● Exercise aim
Write out exactly, with both ends included, the lines that run from the line containing "Nhà cửa & Đời" to the end of the entries. Pictures are not part of the answer.

● Dataset extract

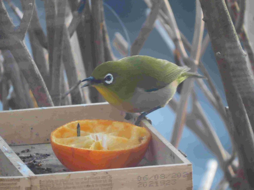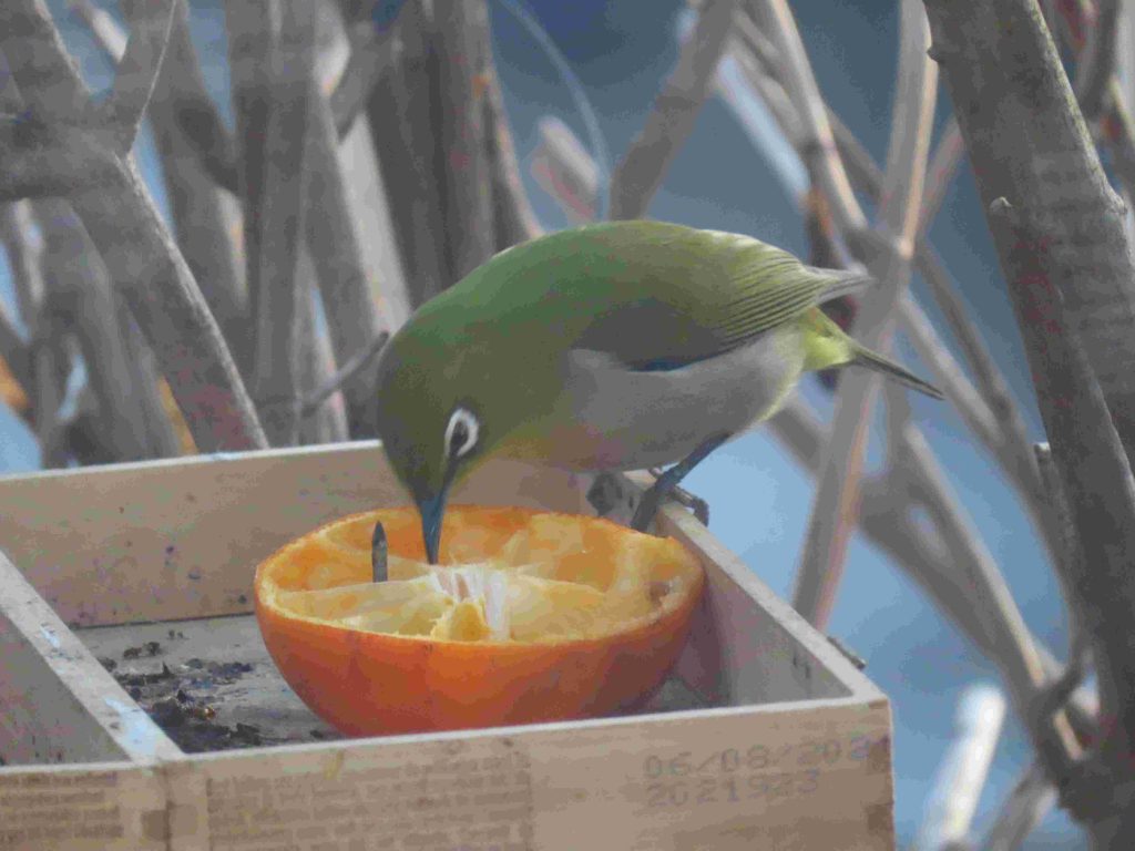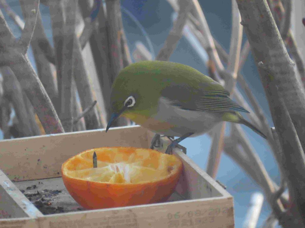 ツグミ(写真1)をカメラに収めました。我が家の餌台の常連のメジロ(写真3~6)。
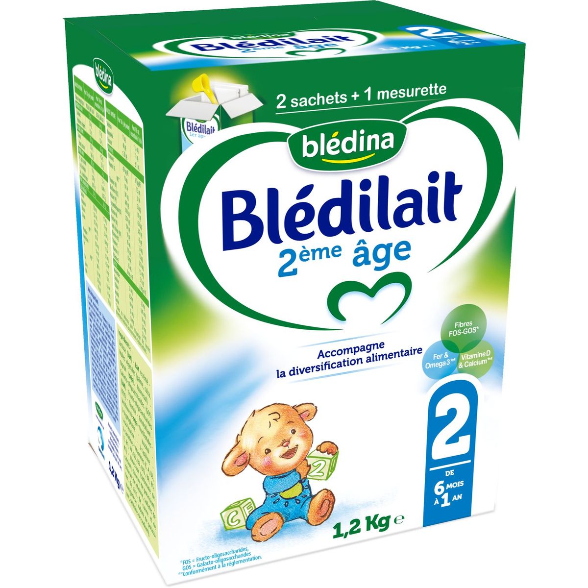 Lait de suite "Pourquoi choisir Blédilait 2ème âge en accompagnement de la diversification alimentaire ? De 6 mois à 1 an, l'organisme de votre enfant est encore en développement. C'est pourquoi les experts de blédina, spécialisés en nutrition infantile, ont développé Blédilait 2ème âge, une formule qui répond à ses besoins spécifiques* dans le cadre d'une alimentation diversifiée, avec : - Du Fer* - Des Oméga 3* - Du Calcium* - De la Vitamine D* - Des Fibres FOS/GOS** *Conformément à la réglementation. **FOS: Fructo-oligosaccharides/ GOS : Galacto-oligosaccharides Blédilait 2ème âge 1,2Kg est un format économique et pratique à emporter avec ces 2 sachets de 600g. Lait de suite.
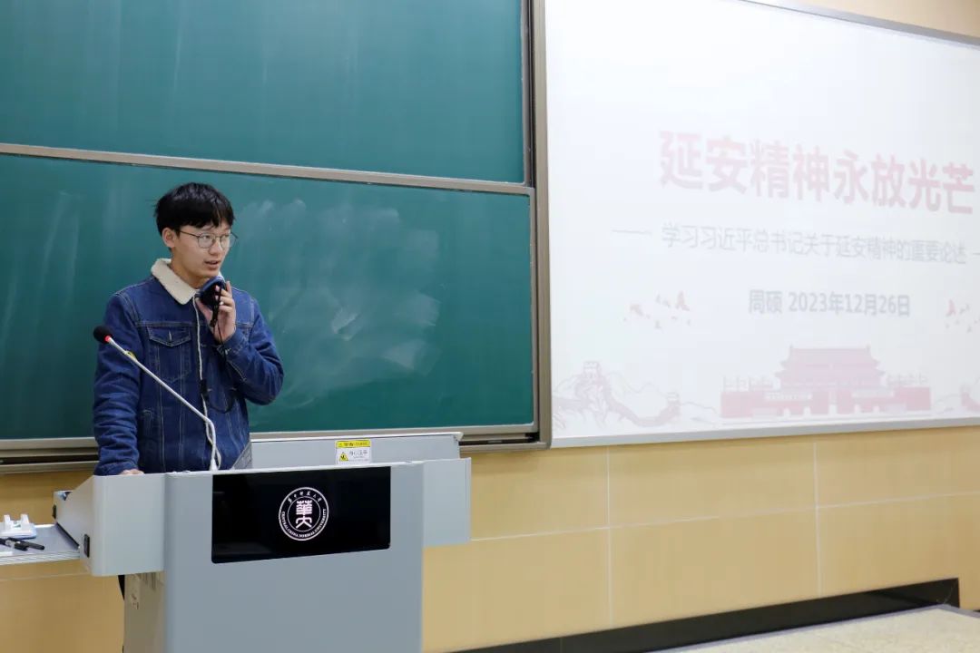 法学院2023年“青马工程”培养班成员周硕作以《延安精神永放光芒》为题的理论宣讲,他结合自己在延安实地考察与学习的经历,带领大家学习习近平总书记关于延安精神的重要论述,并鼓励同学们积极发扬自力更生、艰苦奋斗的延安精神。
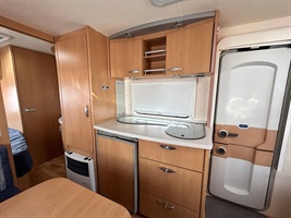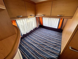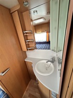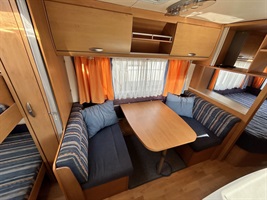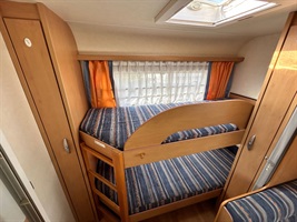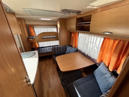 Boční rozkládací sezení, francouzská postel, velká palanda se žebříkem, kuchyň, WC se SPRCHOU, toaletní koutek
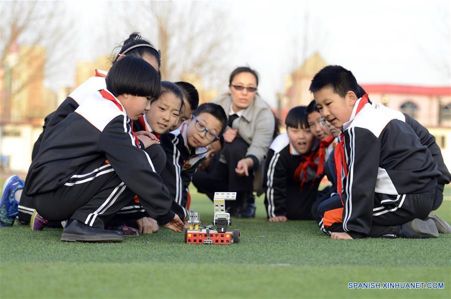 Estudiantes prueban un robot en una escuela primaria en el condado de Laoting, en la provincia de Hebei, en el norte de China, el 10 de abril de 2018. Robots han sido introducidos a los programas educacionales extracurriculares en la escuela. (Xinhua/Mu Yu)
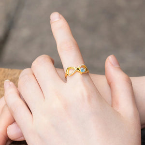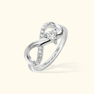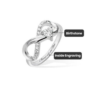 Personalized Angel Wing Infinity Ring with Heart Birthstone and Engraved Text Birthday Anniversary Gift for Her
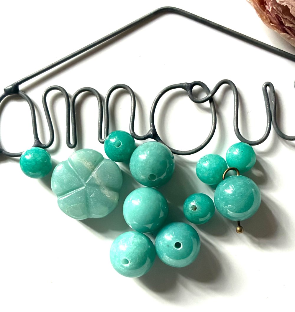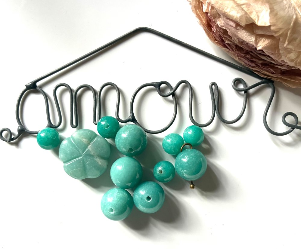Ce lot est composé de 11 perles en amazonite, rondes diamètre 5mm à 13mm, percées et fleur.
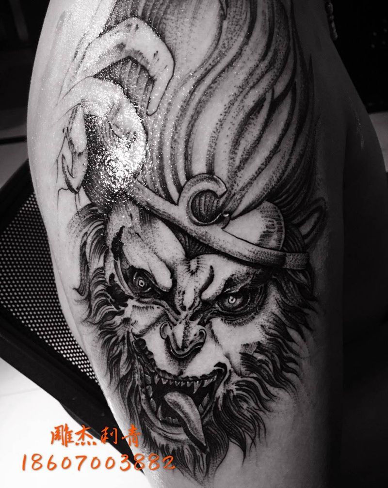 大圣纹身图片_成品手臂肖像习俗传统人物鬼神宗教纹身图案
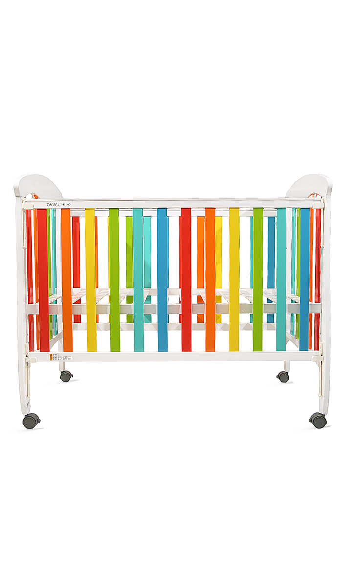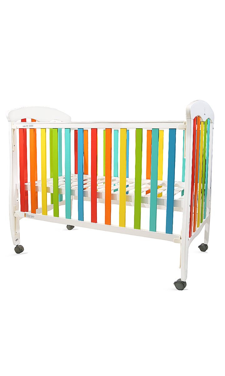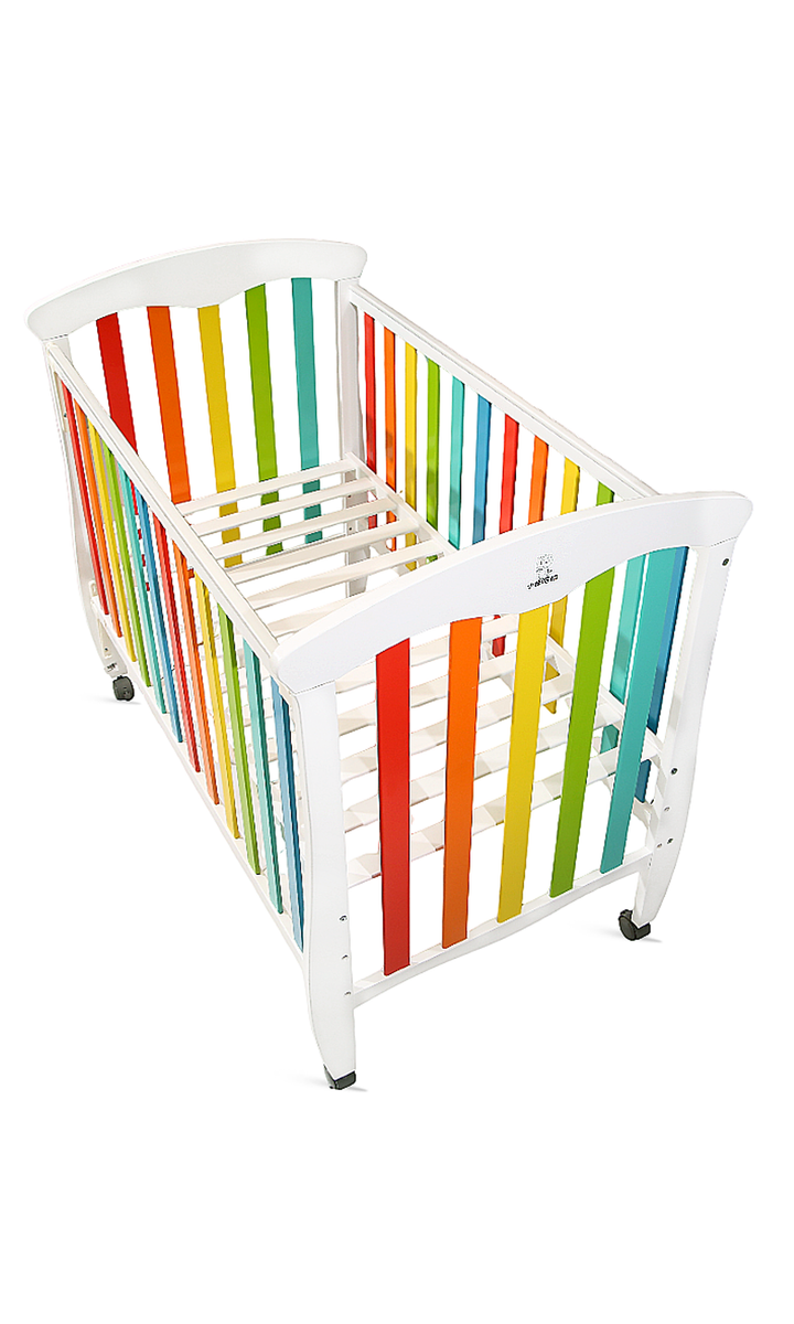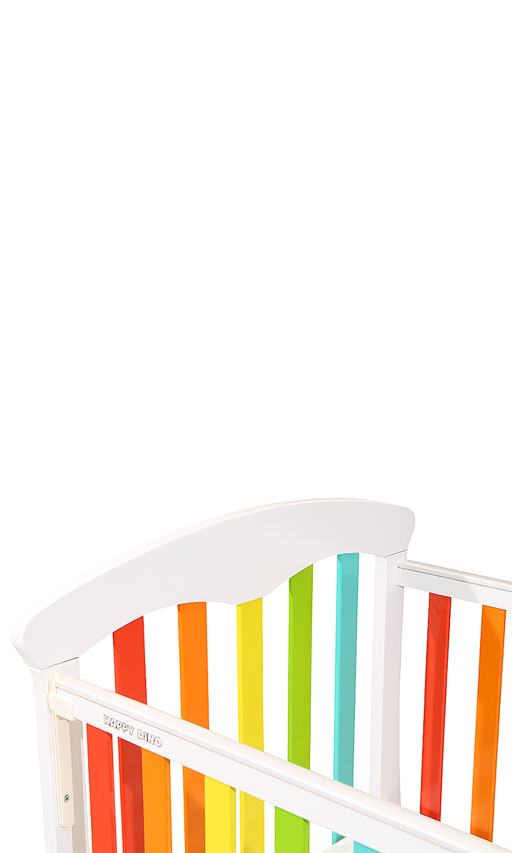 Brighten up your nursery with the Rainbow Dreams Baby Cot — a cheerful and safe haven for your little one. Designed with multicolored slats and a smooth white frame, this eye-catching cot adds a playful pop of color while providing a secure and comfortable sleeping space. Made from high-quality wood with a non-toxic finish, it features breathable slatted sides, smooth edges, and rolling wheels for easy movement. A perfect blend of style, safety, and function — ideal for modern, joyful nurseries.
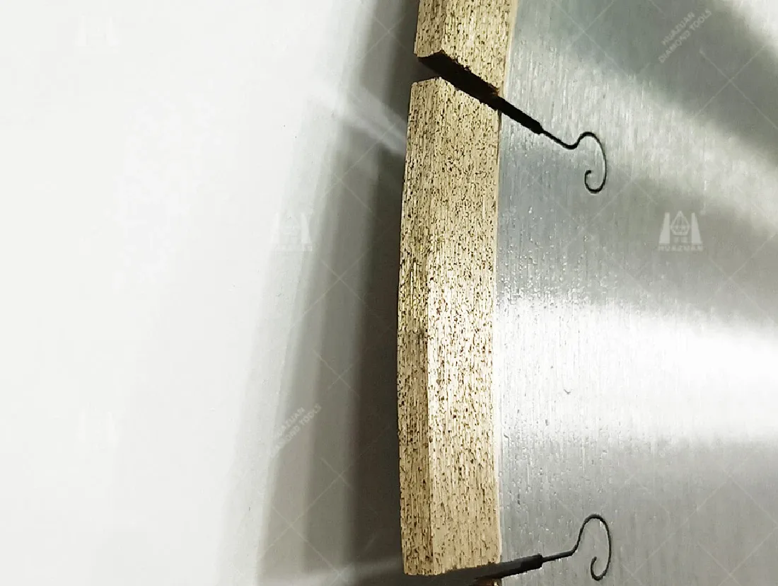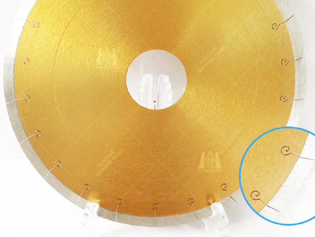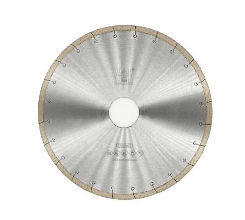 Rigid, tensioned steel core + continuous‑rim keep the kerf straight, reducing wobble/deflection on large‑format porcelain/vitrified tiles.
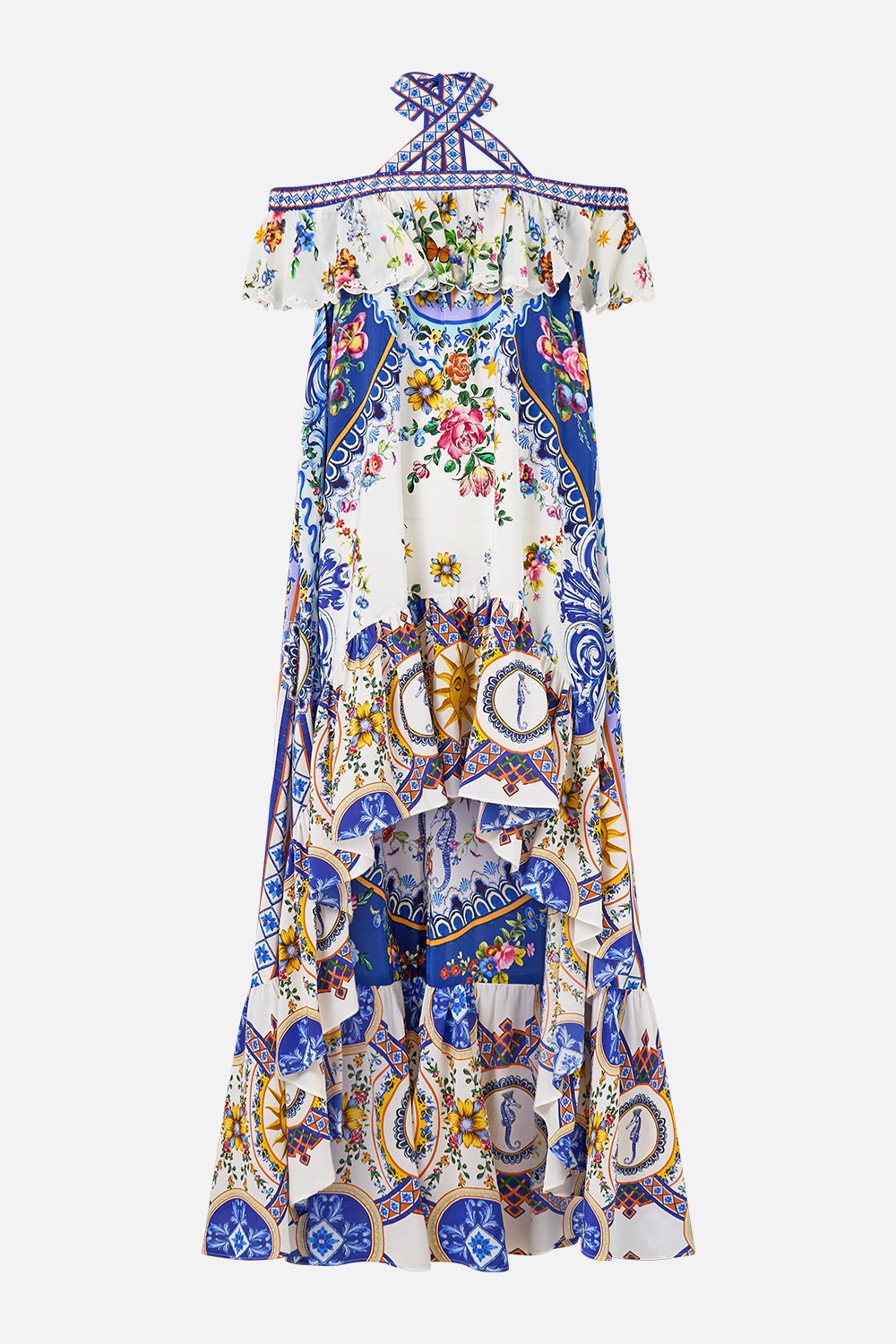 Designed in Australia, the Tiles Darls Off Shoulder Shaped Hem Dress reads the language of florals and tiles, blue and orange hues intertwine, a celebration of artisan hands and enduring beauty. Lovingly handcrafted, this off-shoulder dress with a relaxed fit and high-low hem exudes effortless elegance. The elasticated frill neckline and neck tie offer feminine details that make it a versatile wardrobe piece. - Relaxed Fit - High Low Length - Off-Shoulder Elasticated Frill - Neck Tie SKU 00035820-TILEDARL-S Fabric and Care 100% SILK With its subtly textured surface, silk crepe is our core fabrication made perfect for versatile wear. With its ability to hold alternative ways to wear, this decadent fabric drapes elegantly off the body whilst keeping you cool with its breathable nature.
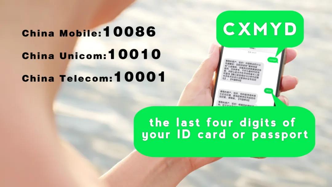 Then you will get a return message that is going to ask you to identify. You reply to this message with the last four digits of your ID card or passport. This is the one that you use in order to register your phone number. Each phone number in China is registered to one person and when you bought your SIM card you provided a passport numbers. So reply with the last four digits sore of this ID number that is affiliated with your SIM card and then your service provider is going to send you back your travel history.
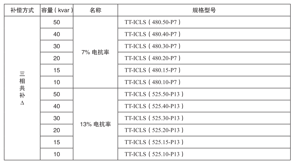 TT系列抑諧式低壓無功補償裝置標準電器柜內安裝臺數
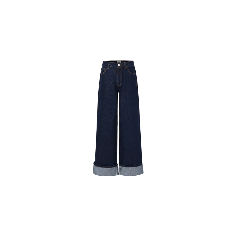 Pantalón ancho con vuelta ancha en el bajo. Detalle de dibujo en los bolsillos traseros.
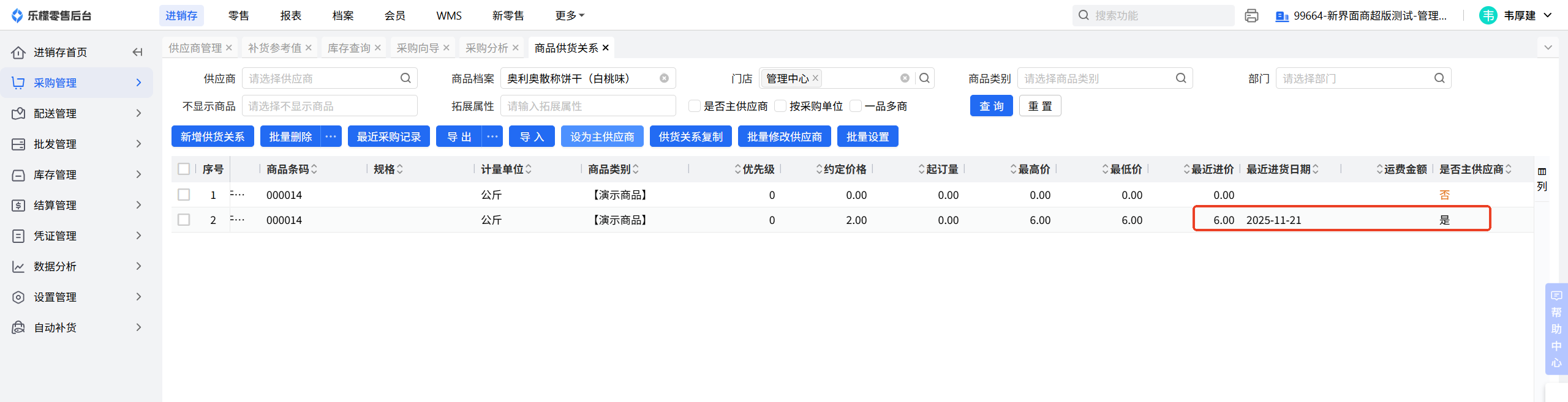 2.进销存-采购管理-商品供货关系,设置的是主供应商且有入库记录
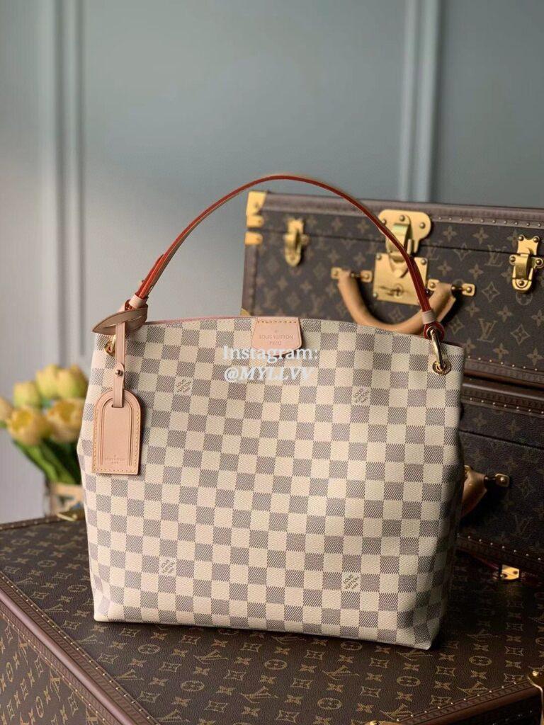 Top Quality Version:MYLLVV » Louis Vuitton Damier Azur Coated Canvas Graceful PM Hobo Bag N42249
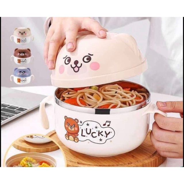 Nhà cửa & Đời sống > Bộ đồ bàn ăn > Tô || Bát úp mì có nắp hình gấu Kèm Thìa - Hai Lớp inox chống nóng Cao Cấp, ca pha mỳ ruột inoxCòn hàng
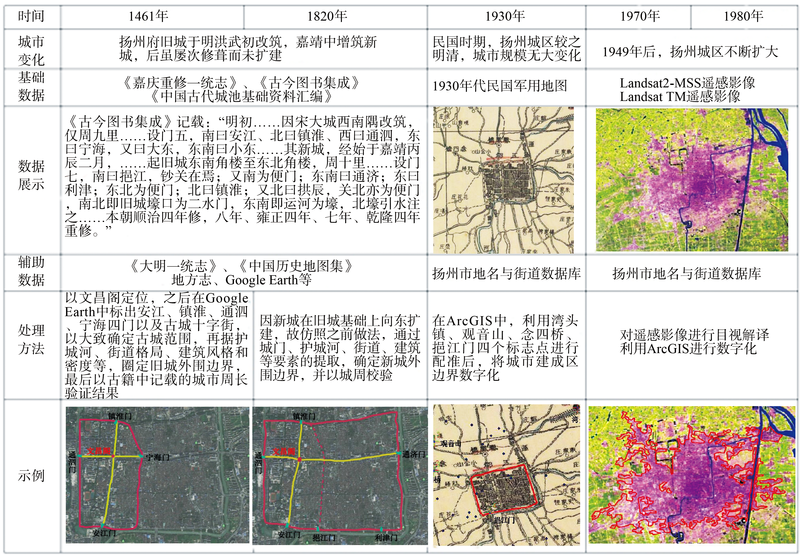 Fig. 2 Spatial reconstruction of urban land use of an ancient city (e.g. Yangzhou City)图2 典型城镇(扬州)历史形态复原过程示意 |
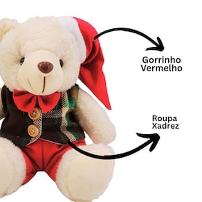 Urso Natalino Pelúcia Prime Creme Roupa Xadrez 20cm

● Result of the task
 Nhà cửa & Đời sống > Bộ đồ bàn ăn > Tô || Bát úp mì có nắp hình gấu Kèm Thìa - Hai Lớp inox chống nóng Cao Cấp, ca pha mỳ ruột inoxCòn hàng
 Fig. 2 Spatial reconstruction of urban land use of an ancient city (e.g. Yangzhou City)图2 典型城镇(扬州)历史形态复原过程示意 |
 Urso Natalino Pelúcia Prime Creme Roupa Xadrez 20cm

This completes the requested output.